Vulnerabilities that require the following configuration changes to be made by a Hyper-V administrator:
- Enabling an undocumented feature or undocumented configuration. For example, this includes, without limitation enabling an experimental feature or using an undocumented configuration that intentionally puts the system in an insecure state.
- Enabling a feature/configuration that is only intended for out-of-scope scenarios. This includes, without limitation enabling a feature only intended for use with WDAG on a traditional VM.
Vulnerabilities based on third parties that do not demonstrate a qualifying security impact on the specified service, this includes this includes, without limitation Docker and Kubernetes.
Training, documentation, samples, and community forum sites related to Microsoft Hyper-V bounty program products and services are out-of-scope for bounty awards.

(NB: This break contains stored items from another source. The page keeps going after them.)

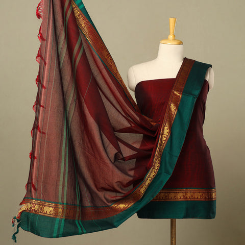 Maroon is a timeless shade that is a symbol of fashion and warmth. Our Dharwad cotton dress materials in this colour are perfect for festive wear or traditional wear.
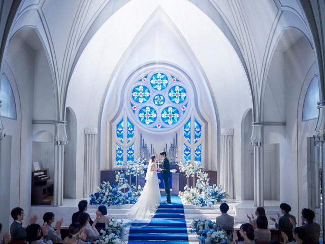 《憧れのロイヤルブルー大聖堂と貸切空間で叶える上質ウエディング》【ご来館特典】和牛×トリュフ&平目のアンクルート×オマールの4万円試食/組数限定ドレス試着【午前来館】タクシー代負担(最大3千円)
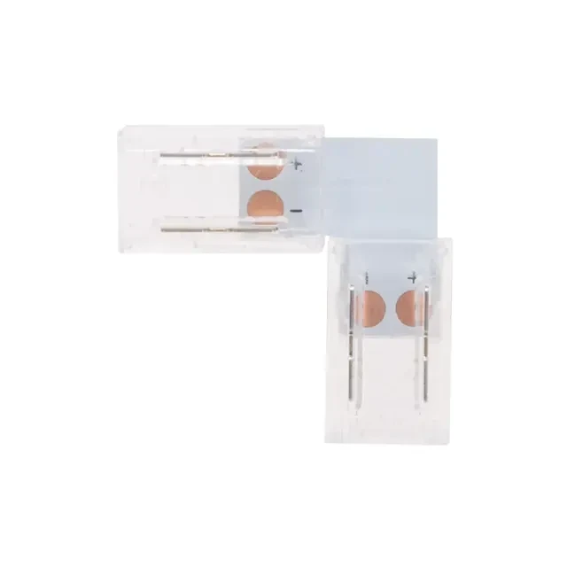 L-образный коннектор – это устройство, предназначенное для соединения нескольких отрезков одноцветных светодиодных лент COB шириной 8 мм. Коннектор выполнен в L-образной форме, позволяющей удобно и безопасно подключить ленты друг к другу под углом 90 градусов. Изделие представляет собой удобное решение для создания более сложных конфигураций и эффектов освещения в пространстве. С двух сторон коннектора располагаются защелкивающиеся механизмы, которые обеспечивают надежное соединение лент и предотвращают их случайное разъединение. Процесс установки происходит быстро и просто, так как не требует пайки или специальных инструментов. Напряжение от 5 до 24В.
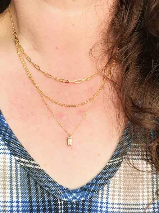 Original price $ 16.00 - Original price $ 16.00Original price$ 16.00$ 16.00 - $ 16.00Current price $ 16.00| /This stunning necklace has gold curb chain leading to a CZ baguette centerpiece bordered with smaller crystals. Classic & elegant! Gold plated....
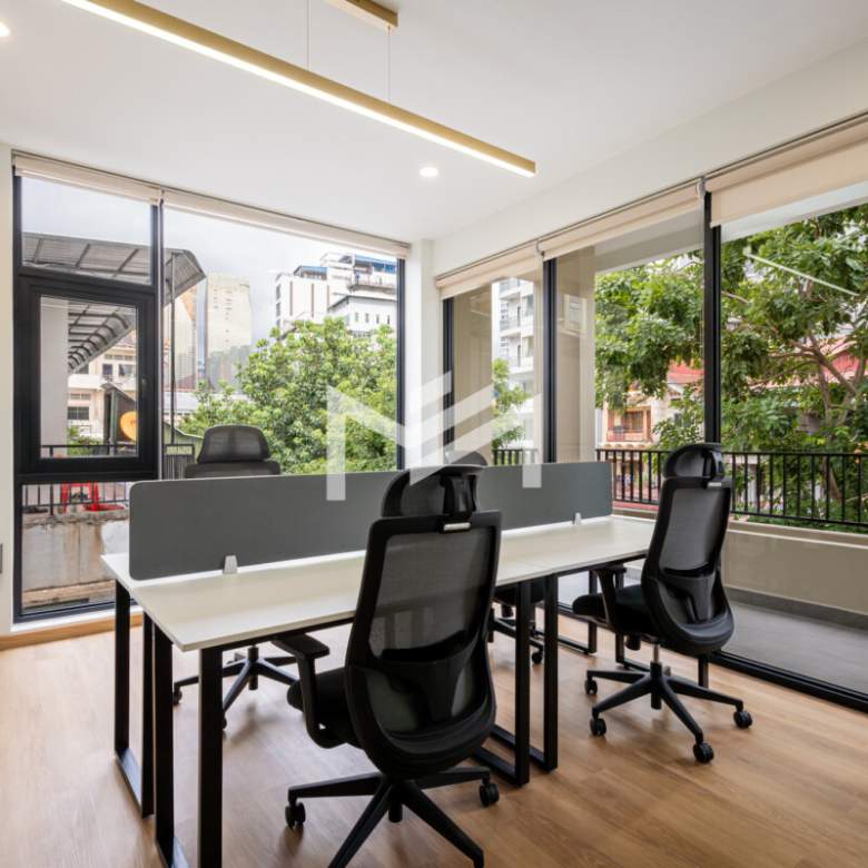 Furnished office with 4 workstations, document cabinet, and a private balcony. This bright unit comes move-in ready, complete with Wi-Fi and 1 car parking space. Ideally located near Independence Monument, AEON Mall, Super Duper, and Guardian Pharmacy—all within walking distance—and just 5 minutes from BKK1.
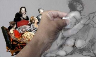 Le tabou de la représentation du désir et de l’érotisme se trouve également au centre des préoccupations du Théâtre pour la main de Danielle Schirman. Cette œuvre se conçoit comme un livre à manipuler rendant hommage au libertinage du XVIIIe siècle et du Marquis de Sade. Cet ouvrage, entamé il y a vingt-cinq ans par l’artiste alors qu’elle étudiait aux Beaux-Arts, avait été laissé inaccompli. A la demande de Jean-Jacques Lebel, Danielle Schirman a ainsi repris et achevé ce projet. La main actionne des languettes, comme dans les livres pour enfant, afin de déclencher des mouvements ou de dévoiler certains objets. Sauf qu’ici le contenu du livre est évidemment beaucoup plus osé, illustrant des parties fines dans des salons bourgeois. Les languettes servent alors à dévoiler les corps, à actionner la libido des personnages, afin d’incarner le désir sexuel en tant que tel, loin de tout angélisme ou de tout platonisme.

Microsoft reserves the right to reject any submission that we determine, at our sole discretion, falls into any of these categories of vulnerabilities even if otherwise eligible for a bounty.

ADDITIONAL INFORMATION

For additional information please see our FAQ.

REVISION HISTORY

May 31, 2017: Program Launch.
December 7, 2018: Revision History added.
January 22, 2019: Added Hyper-V isolation containers to the bounty scope.
March 15, 2019: Added examples to Tier 2 definition and specified third party code vulnerabilities as out-of-scope.
April 13, 2020: Removed Remotefx® from bounty scope.
February 23, 2021: Changed RCE vulnerabilities that only occur when all virtual processors are stopped to Tier 3 unless a working exploit is demonstrated.
November 8, 2021: Clarified in-scope products and clarified out-of-scope issues.
January 25, 2022: Consolidated Scope and Bounty Awards, and added researcher guidance.
June 11, 2025: Added details to the Bounty Program Awards section for submissions that rely on debugger intervention.
August 25, 2025: Updated Denial of Service and Information Disclosure requirements.
December 11, 2025: Updated hyperlinks and standardized language.